(TASK ITEM): Give back exactly the lines from the "Charania wrote on" line to the final line of the records, and only those, minus any pictures.

▶

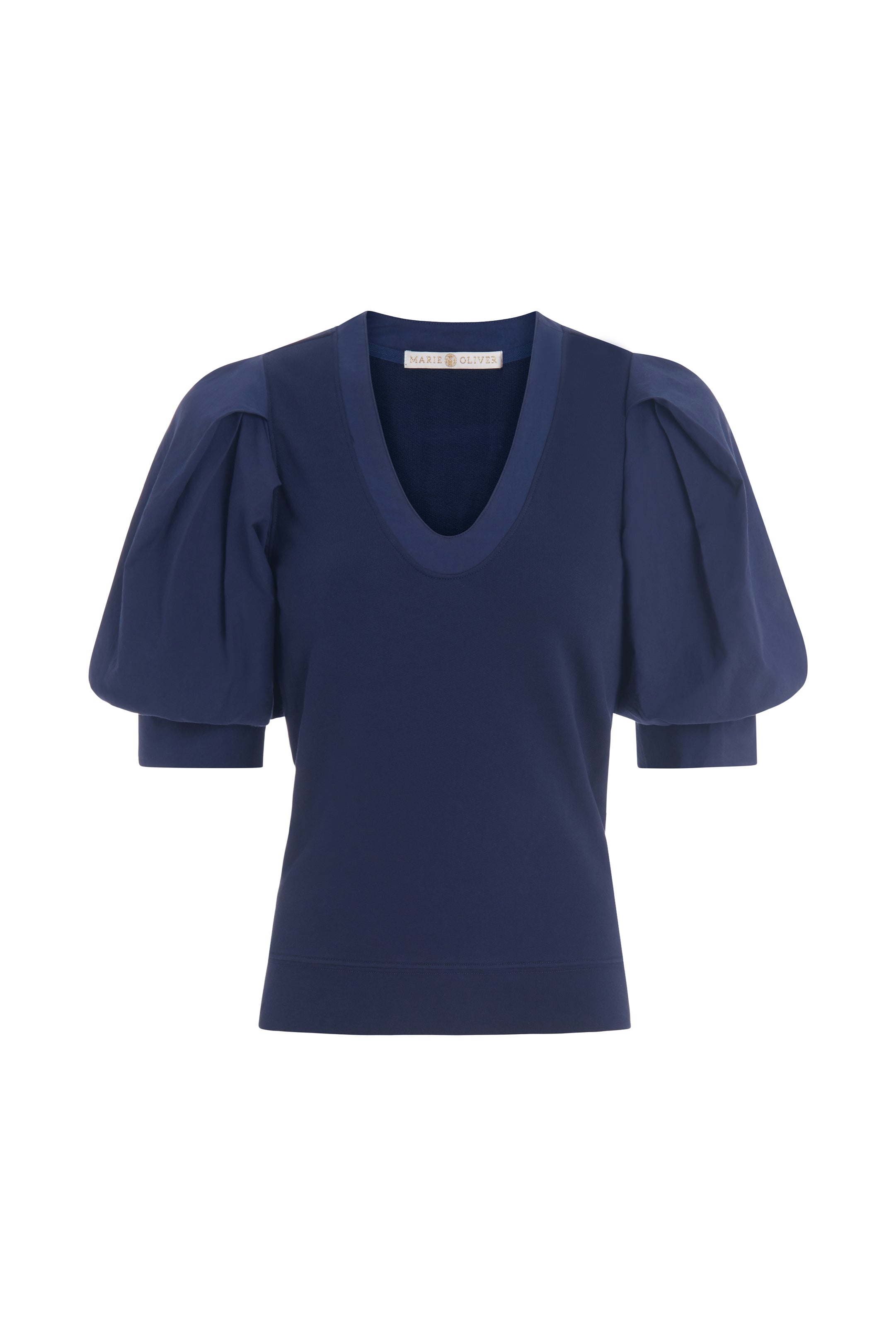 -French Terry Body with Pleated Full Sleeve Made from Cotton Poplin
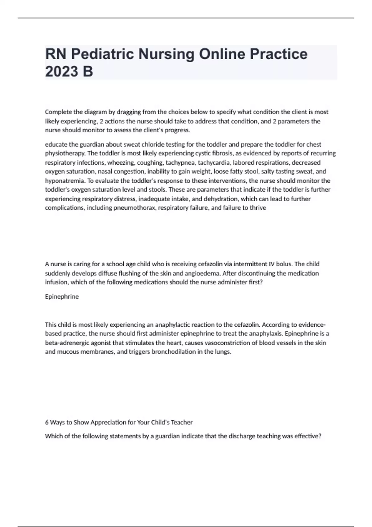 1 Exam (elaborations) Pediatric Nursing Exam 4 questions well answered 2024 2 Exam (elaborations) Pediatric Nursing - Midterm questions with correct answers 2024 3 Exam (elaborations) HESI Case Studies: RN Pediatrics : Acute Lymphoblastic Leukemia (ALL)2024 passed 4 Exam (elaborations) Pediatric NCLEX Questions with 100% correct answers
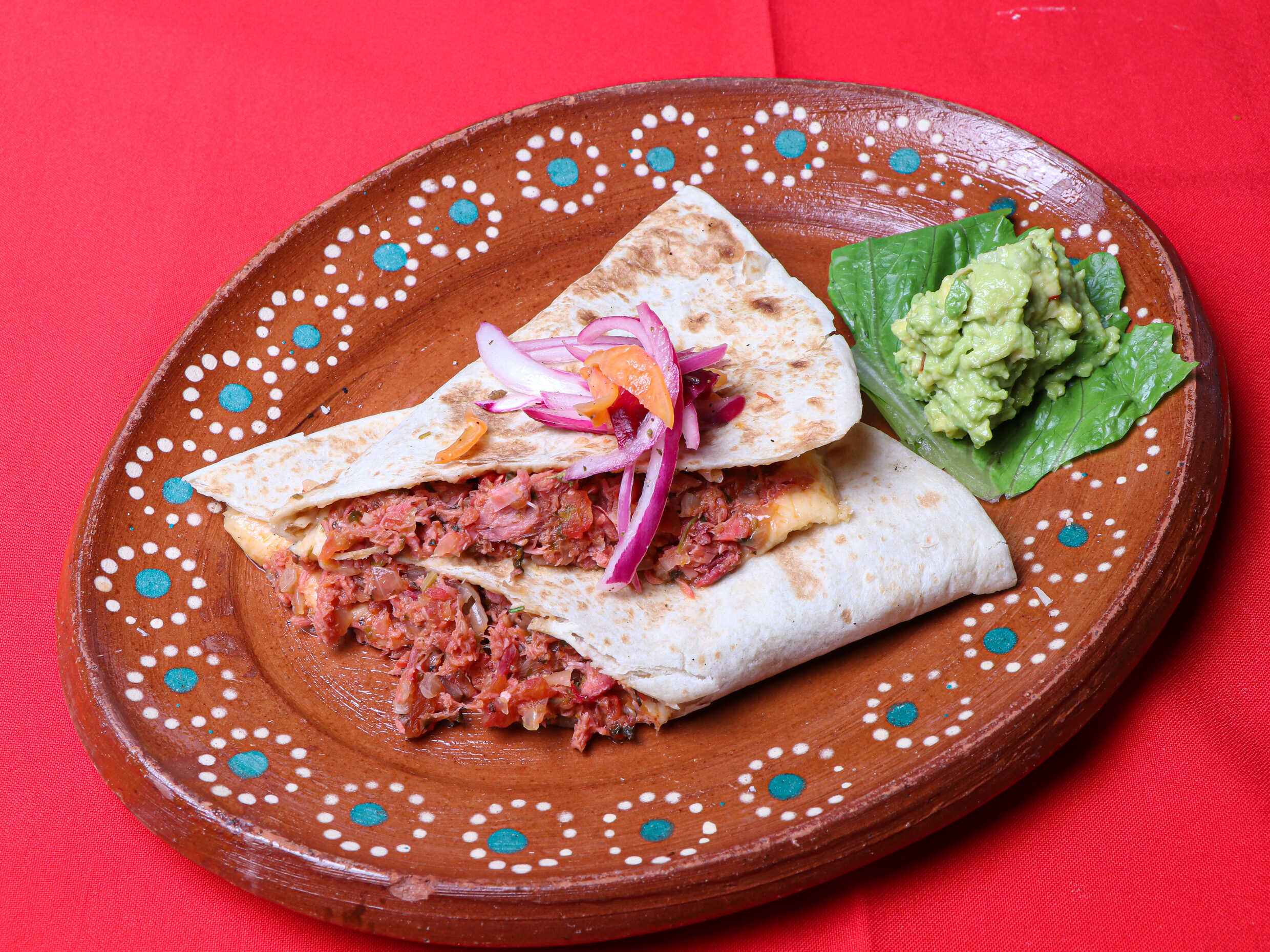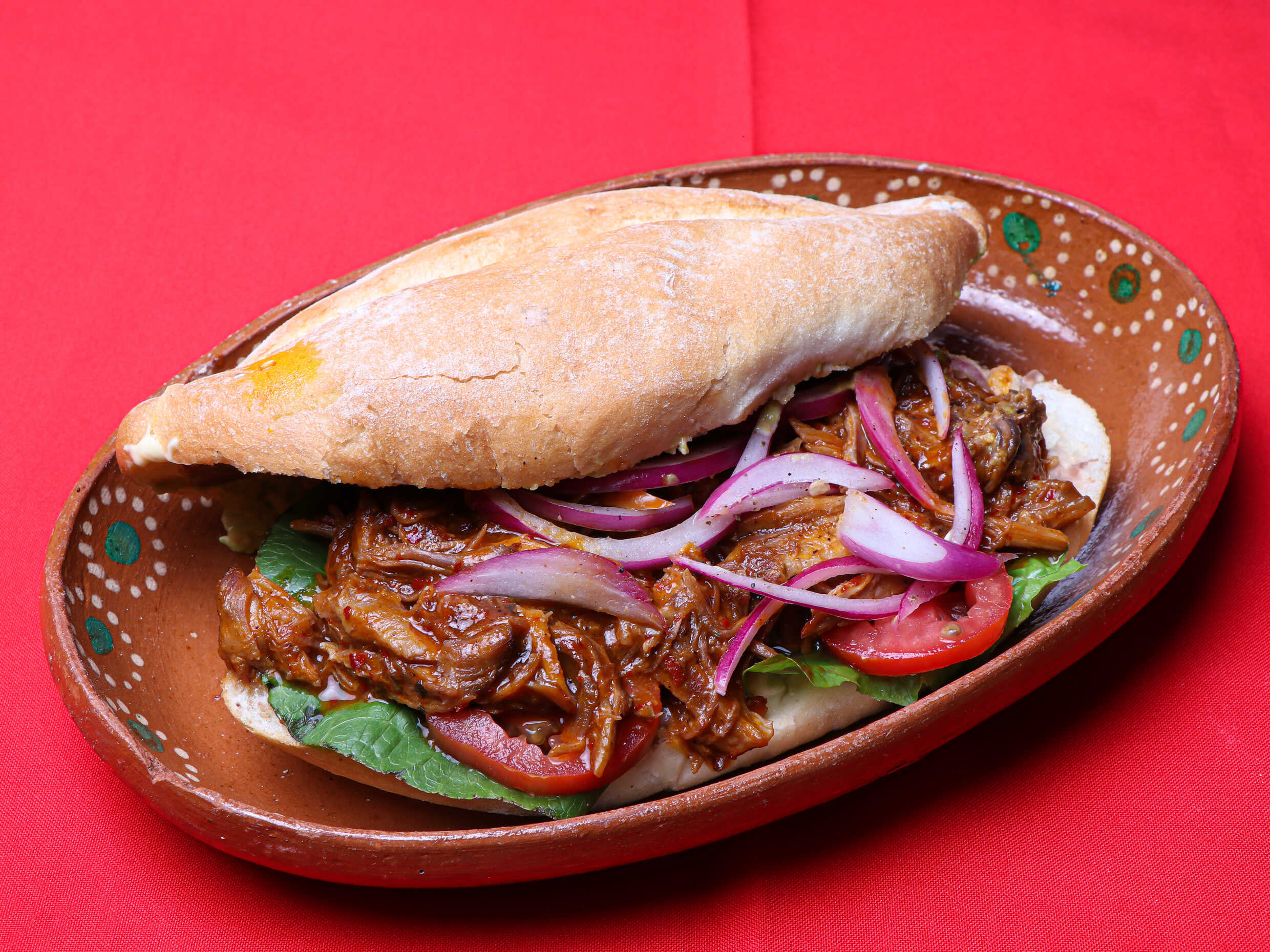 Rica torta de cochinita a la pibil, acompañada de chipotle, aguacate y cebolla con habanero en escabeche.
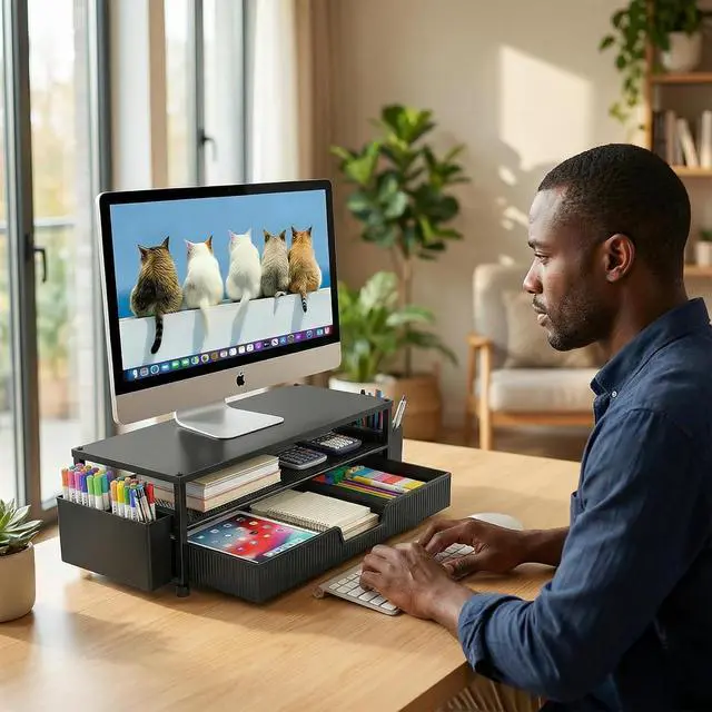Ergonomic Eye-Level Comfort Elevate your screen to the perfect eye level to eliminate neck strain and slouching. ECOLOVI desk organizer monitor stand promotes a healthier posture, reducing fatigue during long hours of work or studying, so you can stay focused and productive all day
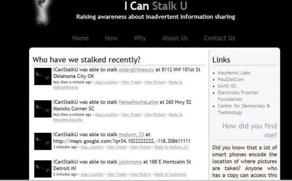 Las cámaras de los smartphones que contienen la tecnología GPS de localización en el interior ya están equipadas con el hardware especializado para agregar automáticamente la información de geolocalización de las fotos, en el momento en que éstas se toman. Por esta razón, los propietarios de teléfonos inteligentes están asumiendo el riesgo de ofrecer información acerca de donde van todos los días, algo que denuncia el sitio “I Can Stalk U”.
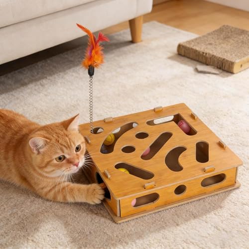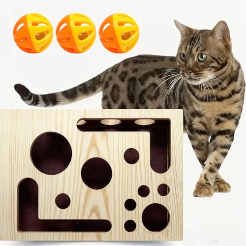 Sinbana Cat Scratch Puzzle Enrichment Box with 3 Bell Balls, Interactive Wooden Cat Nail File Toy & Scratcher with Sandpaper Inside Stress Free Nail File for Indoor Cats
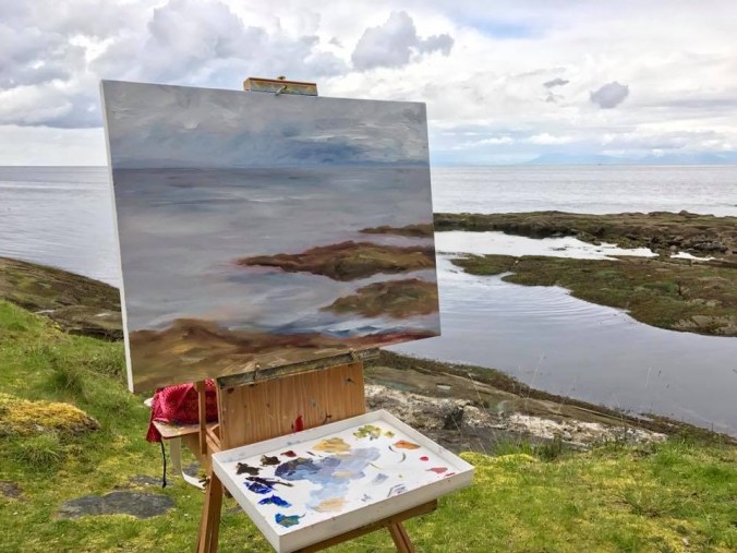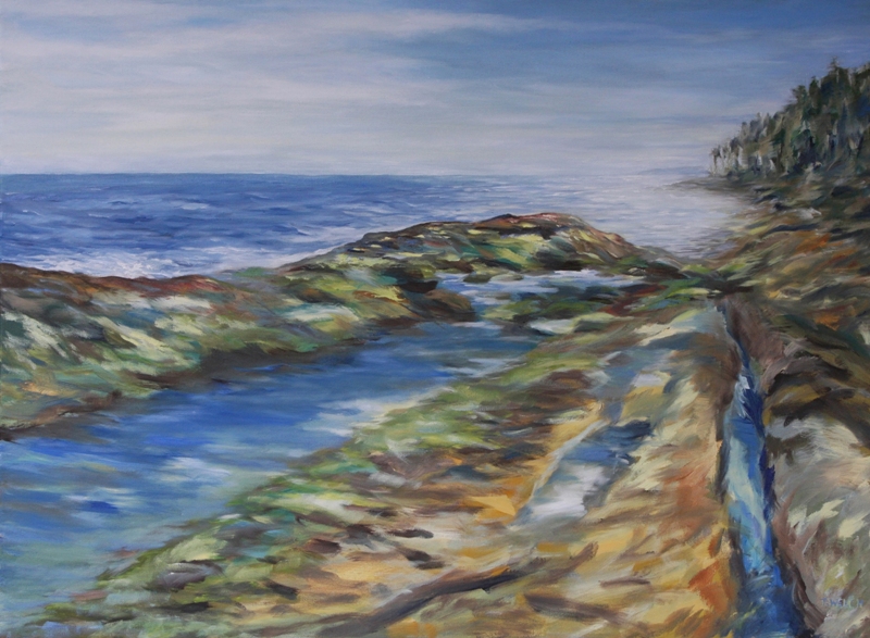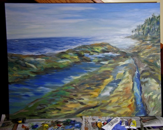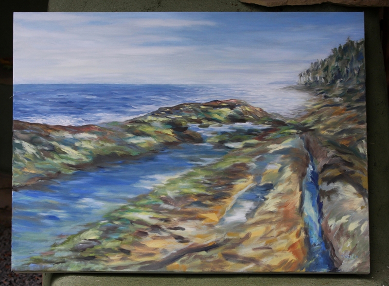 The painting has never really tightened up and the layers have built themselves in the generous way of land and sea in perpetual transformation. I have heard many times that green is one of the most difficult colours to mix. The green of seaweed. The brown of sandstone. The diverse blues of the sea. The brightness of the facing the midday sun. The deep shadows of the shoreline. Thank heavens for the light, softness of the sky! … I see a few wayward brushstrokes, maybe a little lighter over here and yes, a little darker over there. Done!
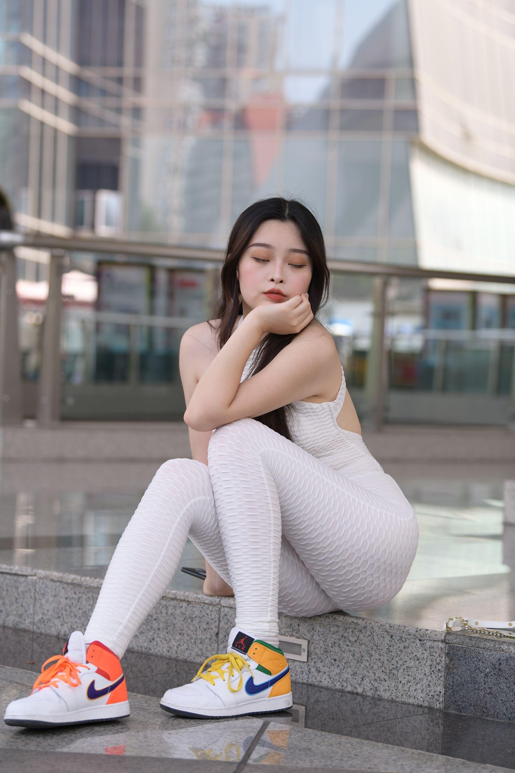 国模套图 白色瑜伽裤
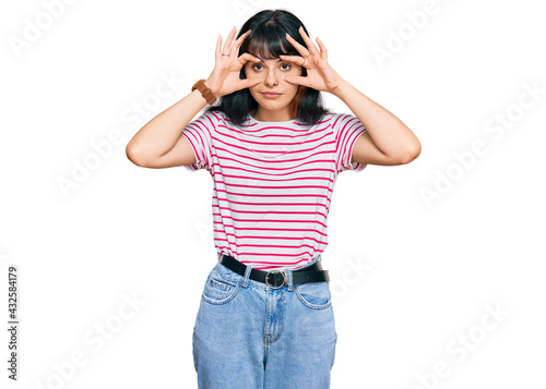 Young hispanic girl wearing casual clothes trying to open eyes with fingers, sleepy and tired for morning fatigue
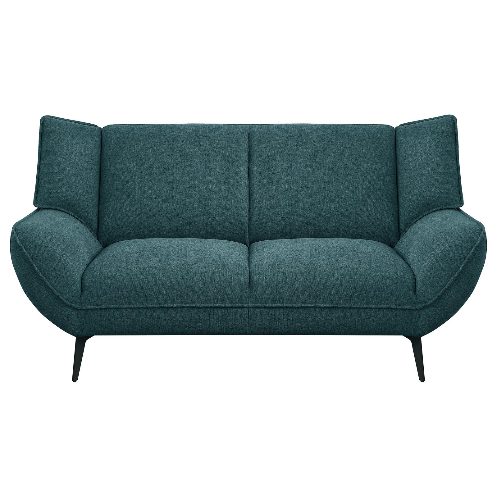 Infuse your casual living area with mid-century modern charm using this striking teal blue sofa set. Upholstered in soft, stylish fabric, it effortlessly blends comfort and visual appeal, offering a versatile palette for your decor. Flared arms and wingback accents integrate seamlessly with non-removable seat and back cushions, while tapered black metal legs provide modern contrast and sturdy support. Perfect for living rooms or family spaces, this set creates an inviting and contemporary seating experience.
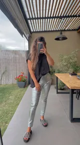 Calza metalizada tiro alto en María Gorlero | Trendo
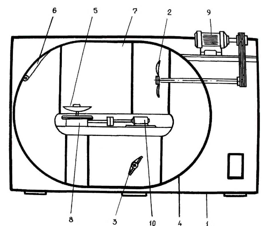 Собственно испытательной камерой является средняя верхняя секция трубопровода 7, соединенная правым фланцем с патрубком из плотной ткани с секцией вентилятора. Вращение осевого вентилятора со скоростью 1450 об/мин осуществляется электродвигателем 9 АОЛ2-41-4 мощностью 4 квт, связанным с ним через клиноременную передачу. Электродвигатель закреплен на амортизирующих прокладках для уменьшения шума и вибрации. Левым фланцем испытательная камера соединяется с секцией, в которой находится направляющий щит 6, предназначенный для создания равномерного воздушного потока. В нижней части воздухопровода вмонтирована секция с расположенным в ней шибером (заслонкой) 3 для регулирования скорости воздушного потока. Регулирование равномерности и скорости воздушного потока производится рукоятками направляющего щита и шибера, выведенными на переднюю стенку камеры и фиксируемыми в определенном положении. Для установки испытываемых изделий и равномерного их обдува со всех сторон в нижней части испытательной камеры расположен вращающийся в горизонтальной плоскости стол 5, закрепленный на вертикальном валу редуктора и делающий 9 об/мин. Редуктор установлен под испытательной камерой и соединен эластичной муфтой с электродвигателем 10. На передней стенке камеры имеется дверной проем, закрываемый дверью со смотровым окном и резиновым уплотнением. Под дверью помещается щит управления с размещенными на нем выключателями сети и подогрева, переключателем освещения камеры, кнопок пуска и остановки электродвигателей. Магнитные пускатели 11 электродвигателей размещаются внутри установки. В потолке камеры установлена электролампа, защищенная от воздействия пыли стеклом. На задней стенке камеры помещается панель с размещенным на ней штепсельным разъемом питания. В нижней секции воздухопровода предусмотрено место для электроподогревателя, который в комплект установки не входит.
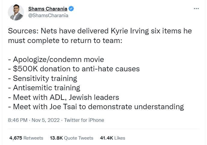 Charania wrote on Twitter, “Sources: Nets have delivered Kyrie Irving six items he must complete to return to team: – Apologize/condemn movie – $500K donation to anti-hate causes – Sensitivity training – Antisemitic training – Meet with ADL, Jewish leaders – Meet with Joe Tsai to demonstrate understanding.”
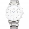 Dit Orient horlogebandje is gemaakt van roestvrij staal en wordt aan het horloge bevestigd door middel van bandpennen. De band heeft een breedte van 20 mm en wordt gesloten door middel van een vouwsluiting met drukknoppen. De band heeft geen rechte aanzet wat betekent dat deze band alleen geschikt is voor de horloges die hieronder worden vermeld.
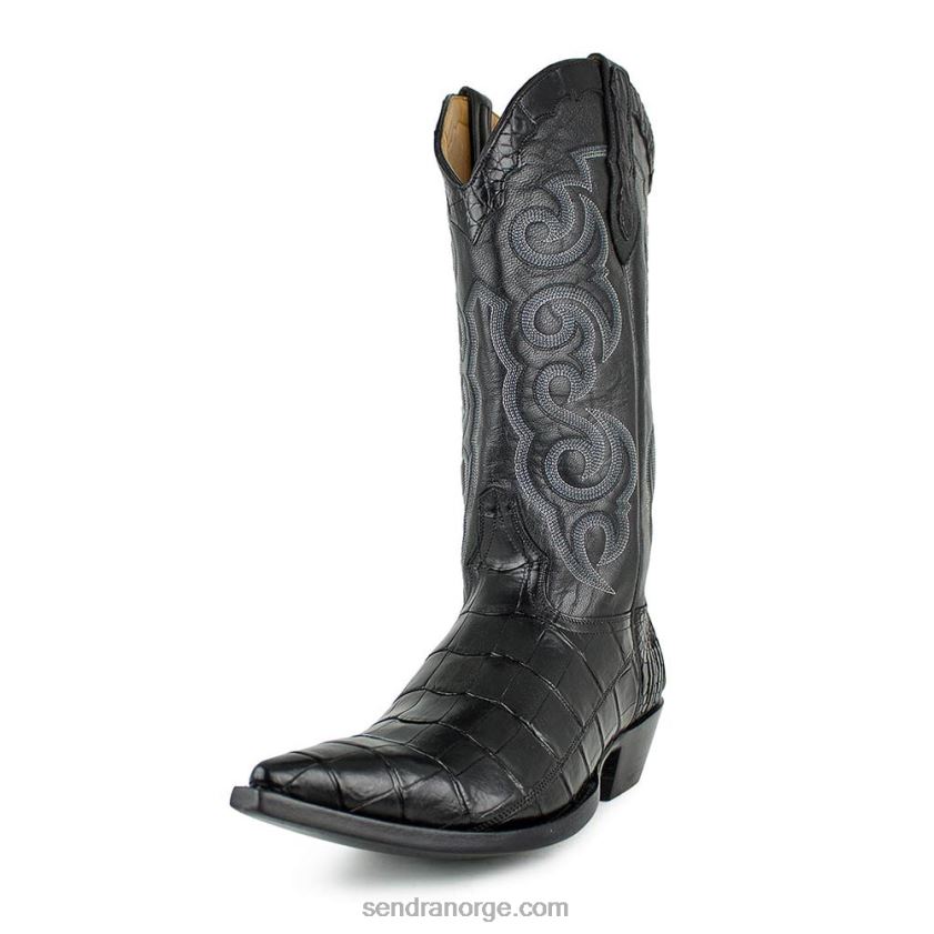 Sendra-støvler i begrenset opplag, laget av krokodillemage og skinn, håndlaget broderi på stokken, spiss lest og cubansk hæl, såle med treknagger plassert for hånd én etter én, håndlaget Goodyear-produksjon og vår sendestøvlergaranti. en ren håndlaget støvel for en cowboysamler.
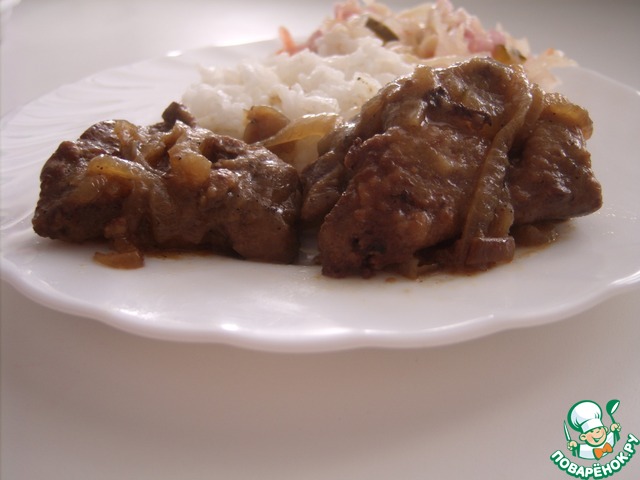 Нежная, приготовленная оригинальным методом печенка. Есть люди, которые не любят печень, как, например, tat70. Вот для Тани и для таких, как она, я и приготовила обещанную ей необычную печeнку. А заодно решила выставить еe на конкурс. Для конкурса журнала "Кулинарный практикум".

◀

(ANSWER SECTION):
 Charania wrote on Twitter, “Sources: Nets have delivered Kyrie Irving six items he must complete to return to team: – Apologize/condemn movie – $500K donation to anti-hate causes – Sensitivity training – Antisemitic training – Meet with ADL, Jewish leaders – Meet with Joe Tsai to demonstrate understanding.”
 Dit Orient horlogebandje is gemaakt van roestvrij staal en wordt aan het horloge bevestigd door middel van bandpennen. De band heeft een breedte van 20 mm en wordt gesloten door middel van een vouwsluiting met drukknoppen. De band heeft geen rechte aanzet wat betekent dat deze band alleen geschikt is voor de horloges die hieronder worden vermeld.
 Sendra-støvler i begrenset opplag, laget av krokodillemage og skinn, håndlaget broderi på stokken, spiss lest og cubansk hæl, såle med treknagger plassert for hånd én etter én, håndlaget Goodyear-produksjon og vår sendestøvlergaranti. en ren håndlaget støvel for en cowboysamler.
 Нежная, приготовленная оригинальным методом печенка. Есть люди, которые не любят печень, как, например, tat70. Вот для Тани и для таких, как она, я и приготовила обещанную ей необычную печeнку. А заодно решила выставить еe на конкурс. Для конкурса журнала "Кулинарный практикум".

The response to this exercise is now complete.